Ok, new config file is

[samples]
marmota_baibacina_OB23930:/home/kendall/marmot-uces/test-marmot/marmota_baibacina_OB23930

I got the same error:

(phyluce) kendall@DESKTOP-NOSAIQH:~/marmot-uces$ phyluce_assembly_assemblo_abyss --config assembly-config-test --output ~/marmot-uces/assemblies-test-marmot --kmer 60 --cores 2 --clean --log-path log
2019-11-21 16:34:30,562 - phyluce_assembly_assemblo_abyss - INFO - ============ Starting phyluce_assembly_assemblo_abyss ===========
2019-11-21 16:34:30,564 - phyluce_assembly_assemblo_abyss - INFO - Version: git fatal: not a git repository: '/home/kendall/miniconda2/envs/phyluce/lib/python2.7/site-packages/.git'
2019-11-21 16:34:30,564 - phyluce_assembly_assemblo_abyss - INFO - Argument --abyss_se: False
2019-11-21 16:34:30,565 - phyluce_assembly_assemblo_abyss - INFO - Argument --clean: True
2019-11-21 16:34:30,566 - phyluce_assembly_assemblo_abyss - INFO - Argument --config: /home/kendall/marmot-uces/assembly-config-test
2019-11-21 16:34:30,567 - phyluce_assembly_assemblo_abyss - INFO - Argument --cores: 2
2019-11-21 16:34:30,567 - phyluce_assembly_assemblo_abyss - INFO - Argument --dir: None
2019-11-21 16:34:30,568 - phyluce_assembly_assemblo_abyss - INFO - Argument --kmer: 60
2019-11-21 16:34:30,568 - phyluce_assembly_assemblo_abyss - INFO - Argument --log_path: /home/kendall/marmot-uces/log
2019-11-21 16:34:30,569 - phyluce_assembly_assemblo_abyss - INFO - Argument --output: /home/kendall/marmot-uces/assemblies-test-marmot
2019-11-21 16:34:30,570 - phyluce_assembly_assemblo_abyss - INFO - Argument --subfolder:
2019-11-21 16:34:30,571 - phyluce_assembly_assemblo_abyss - INFO - Argument --verbosity: INFO
2019-11-21 16:34:30,572 - phyluce_assembly_assemblo_abyss - INFO - Getting input filenames and creating output directories
2019-11-21 16:34:30,578 - phyluce_assembly_assemblo_abyss - INFO - -------------- Processing marmota_baibacina_OB23930 -------------
2019-11-21 16:34:30,579 - phyluce_assembly_assemblo_abyss - INFO - Finding fastq/fasta files
2019-11-21 16:34:30,582 - phyluce_assembly_assemblo_abyss - INFO - File type is fasta
Traceback (most recent call last):
  File "/home/kendall/miniconda2/envs/phyluce/bin/phyluce_assembly_assemblo_abyss", line 323, in <module>
    main()
  File "/home/kendall/miniconda2/envs/phyluce/bin/phyluce_assembly_assemblo_abyss", line 295, in main
    reads = get_input_files(dir, args.subfolder, log)
  File "/home/kendall/miniconda2/envs/phyluce/lib/python2.7/site-packages/phyluce/raw_reads.py", line 122, in get_input_files
    raise IOError("The appear to be multiple files for R1/R2/Singleton reads")
IOError: The appear to be multiple files for R1/R2/Singleton reads

I just noticed I am also getting a "git fatal: not a git repository" in the log. Could that be a problem too? I just downloaded phyluce for the first time last week, so I think everything should be up to date.

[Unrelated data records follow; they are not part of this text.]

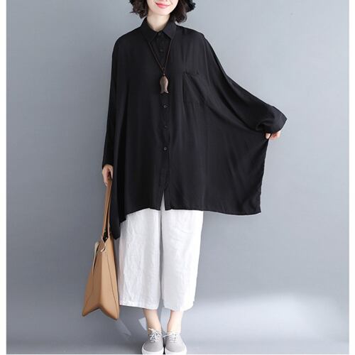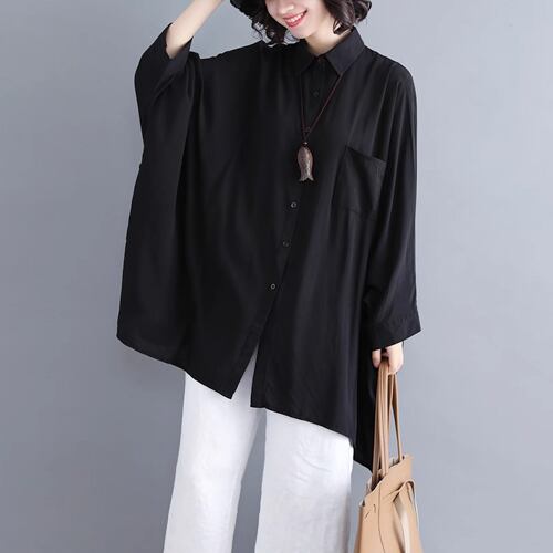 初回送料無料 秋レディースファッション カジュアル ゆったり コウモリシャツ 無地 トップス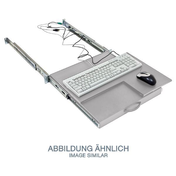 Auszieh-/drehbarer 19”-Fachboden für Tastatur und Maus.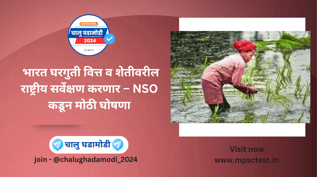 All India Debt and Investment Survey (AIDIS) : भारत सरकारने देशातील कुटुंबांच्या आर्थिक स्थिती आणि शेतकऱ्यांच्या परिस्थितीचा सखोल अभ्यास करण्यासाठी मोठे पाऊल उचलले आहे. सांख्यिकी आणि कार्यक्रम अंमलबजावणी मंत्रालयाच्या (MoSPI) अंतर्गत राष्ट्रीय सांख्यिकी कार्यालय (NSO) जुलै २०२६ ते जून २०२७ दरम्यान दोन महत्वाची सर्वेक्षणे करणार आहे –
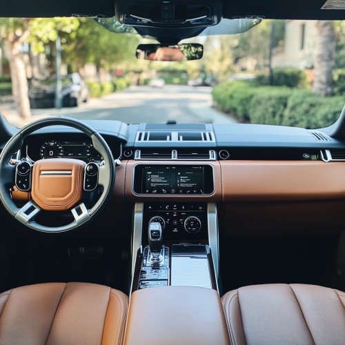 A luxury car parked on a high-rise rooftop overlooking a modern city skyline at sunset, soft golden light reflecting on glass skyscrapers, high-end urban setting, sleek and refined, ultra-realistic --ar 16:9 --v 6.1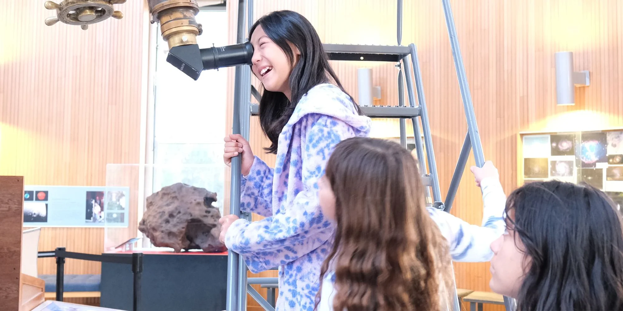 Girls Overnight $110 Scout Youth & Adult Designed for Grades 4-5 Buy Tickets Spend the night under the stars at the Cosmic Camp-In at Chabot Space & Science Center, designed especially for girls ready to investigate the science of our nearest star. This special Sharing the Sun overnight celebrates the Sun through brand-new solar science activities developed to bring the latest discoveries to life. Girls will explore how the Sun produces light and energy, discover what makes the corona so fascinating, and learn how scientists use space missions like NASA’s MUSE and PUNCH to better understand our dynamic star. Groups & Junior Troops: Reserve your space by completing the group reservation form here. Individual Scouts & Families: Purchase tickets using the buy tickets link. Arrival & Check-In Check-in begins at 5:15 PM at the Observatory located at the rear of the Center. Please park in the front parking structure and bring all overnight gear with you to the rear check-in location. We recommend packing lightly, as you will carry your items. Program begins promptly at 5:50 PM Event concludes at 8:30 AM the following morning. Guests may not enter the Center prior to the 5:15 PM check-in time. Featured Workshop: Sharing the Sun – Space Science Investigator Juniors will build their solar science skills through hands-on exploration and interactive investigations inspired by real NASA missions. Participants will: Discover how the Sun generates light and heat Explore sunspots, solar flares, and the Sun’s corona Model how energy travels from the Sun to Earth Investigate how scientists use tools and spacecraft like MUSE and PUNCH to observe solar activity Analyze simple solar data and visual evidence to understand patterns in solar behavior Create solar-inspired art connecting science and creativity This immersive overnight experience fulfills components of the Junior Space Science Investigator Badge through Chabot’s museum-based adaptation of astronomy programming. Your Camp-In Includes: Catered hot dinner provided by La Casa de Maria (subject to change) Interactive exhibit exploration and themed scavenger hunt Specialized solar science workshop Live Zeiss Planetarium show Telescope viewing (weather permitting) Continental breakfast 1 Mission Patch To ensure the safety of all guests, adults who purchase tickets without a child will not be granted entry and will not receive a refund. Adults must be accompanied by a child, and children must be accompanied by an adult. This policy is strictly enforced for all Camp-In events. Prepare for Your Overnight Adventure Please review our Survival Guide prior to arrival for packing tips, expectations, and event details. We can’t wait to shine a light on the science of the Sun with you!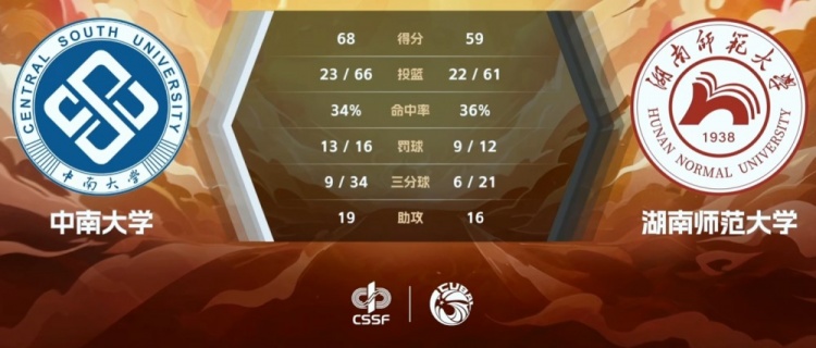 末节范雨萌两记三分手感出色,田媛媛则助攻、抢断、得分一把抓,中南大学送上12-5的攻势将优势扩大至16分;湖南师大攻防都出现问题,暂停回来局面仍然没有改观,范雨萌再度命中三分将杀死比赛悬念。最终,中南大学68-59力克湖南师范大学拿下比赛。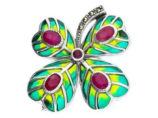 Srebrna broszka 925 koniczynka z kolorowymi kamieniami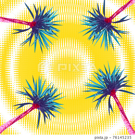 Contemporary collage. Palm tree on a bright abstract background with waves. Summer concept, landscape.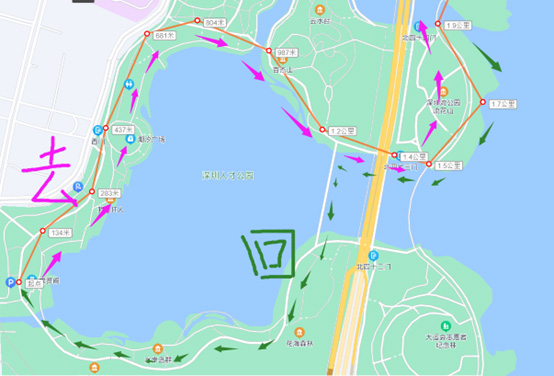 全程线路总览(其中5km,10km,15km组各自选择合适的返回点):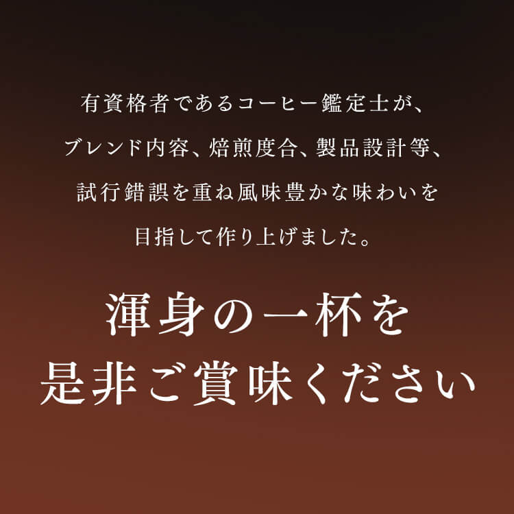しっかりとした苦味とコク深く、ボディ感のある味わい。香ばしさも感じ、余韻の長いコーヒー。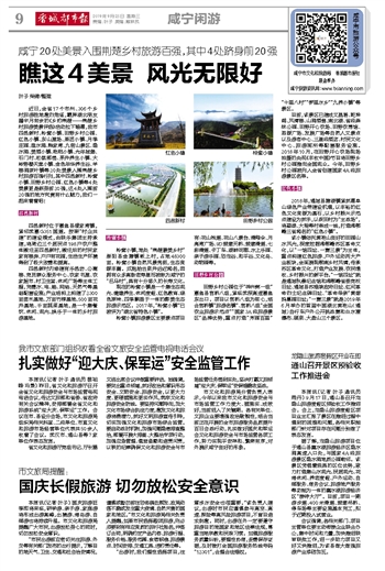 近日,全省17个市州、306个乡村旅游胜地激烈角逐,霸屏湖北朋友圈半月有余的《乡约荆楚——荆楚乡村旅游美景评选》活动拉下帷幕,我市四邑新村、柃蜜小镇、田野乡村公园、红色小镇、东山屋场、果匠小镇、月季庄园、澄水洞、熊家湾、九宫山景区、隐水洞、美酒小镇、枇杷小镇、光年城堡、石门村、松鼠部落、茅井养生小镇、大岭野樱天堂小镇、金色年华养生谷、羊楼洞茶叶镇等20处美景入围荆楚乡村旅游百强行列,其中四邑新村、柃蜜小镇、田野乡村公园、红色小镇等4处美景更是跻身前20强,这4处入围前20强的地方究竟有什么魅力,我们一起来看看吧!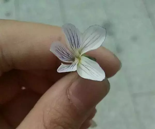花白色或淡紫色,有深色条纹,长1.4-1.7厘米;花梗细长,与叶等长或超出于叶,通常无毛,有时仅下部有细毛,中部附近有2枚线形小苞片;萼片卵状披针形或狭卵形,长5-6毫米,先端渐尖或稍尖,基部附属物较短,长0.5-1毫米,末端圆,有时疏生钝齿,具狭膜质缘,具3脉;上方花瓣倒卵形,长1-1.2厘米,侧方花瓣长圆状倒卵形,长1-1.2厘米,里面基部密生或有时生较少量的须毛,下方花瓣通常稍短,连距长1.3-1.5厘米;距管状,稍短而粗,长2-6毫米,粗2-3.5毫米,末端圆,直或稍向上弯;花药及药隔顶部附属物均长约2毫米,下方2枚雄蕊具长1-3毫米的距;子房卵球形,长约2毫米,无毛,花柱棍棒状,基部稍向前膝曲,上部逐渐增粗,柱头两侧及后方略增厚成狭缘边,前方具明显的短喙,喙端具柱头孔。
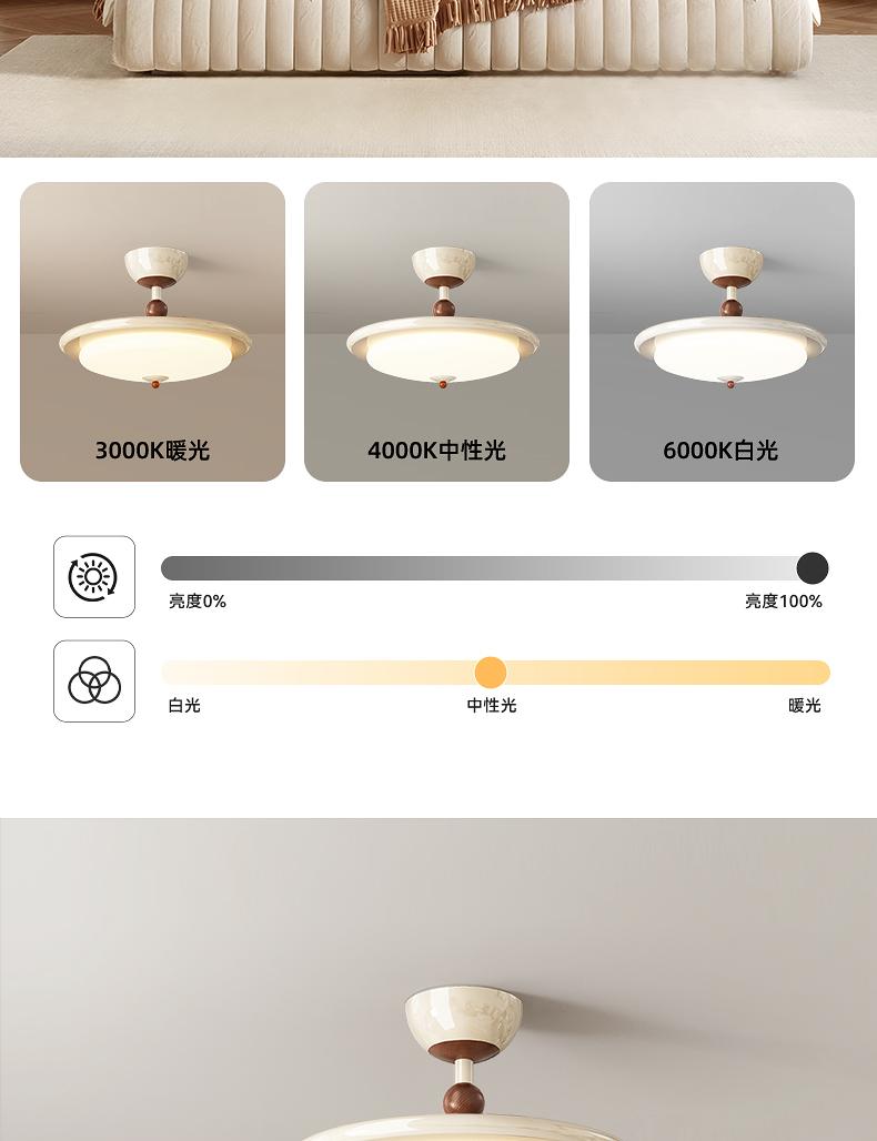 总高:350MM 灯体:直径500*H60mm 全亮100W 三色变光

brantfaircloth commented 4 years ago

ok, final question - can you manually rename the directory for that test individual and the reads in it (or copy the whole thing then rename). basically, you want to remove the letters and numbers that follow the genus_species? i’m not sure if that is causing the problem. also, the git thing shouldn’t cause a problem. you can clear the error by installing git if you want.

kkmills commented 4 years ago

I removed the identifier following genus_species from the directory and every file in it (and updated the config file) -- still got the same error.

brantfaircloth commented 4 years ago

ok - can you package up reads for that individual and send those and the config files you are using to me? a dropbox link or similar would be great. i’ll see if i can figure out what’s up.

kkmills commented 4 years ago

Here is a Dropbox link Thanks!

brantfaircloth commented 4 years ago

So, I'm not sure what's going on. First question, did you add a command --subfolder as an option when you ran phyluce_assembly_assemblo_abyss? It seems like you may have not included this (based on what's above).

You either need to include this as something like --subfolder split-adapter-quality-trimmed when you run phyluce_assembly_assemblo_abyss (telling the program that data for each taxon will be in this subfolder) or exclude the --subfolder option flag, and include the split-adapter-quality-trimmed directory in each of your config file line like so:

[samples]
marmota_baibacina_OB23930:/home/kendall/marmot-uces/test-marmot/marmota_baibacina_OB23930/split-adapter-quality-trimmed

When you do that, things seem to work on my end.

kkmills commented 4 years ago

Adding the subfolder flag didn't change anything, but updating the directories in the config file fixed it. Thank you!!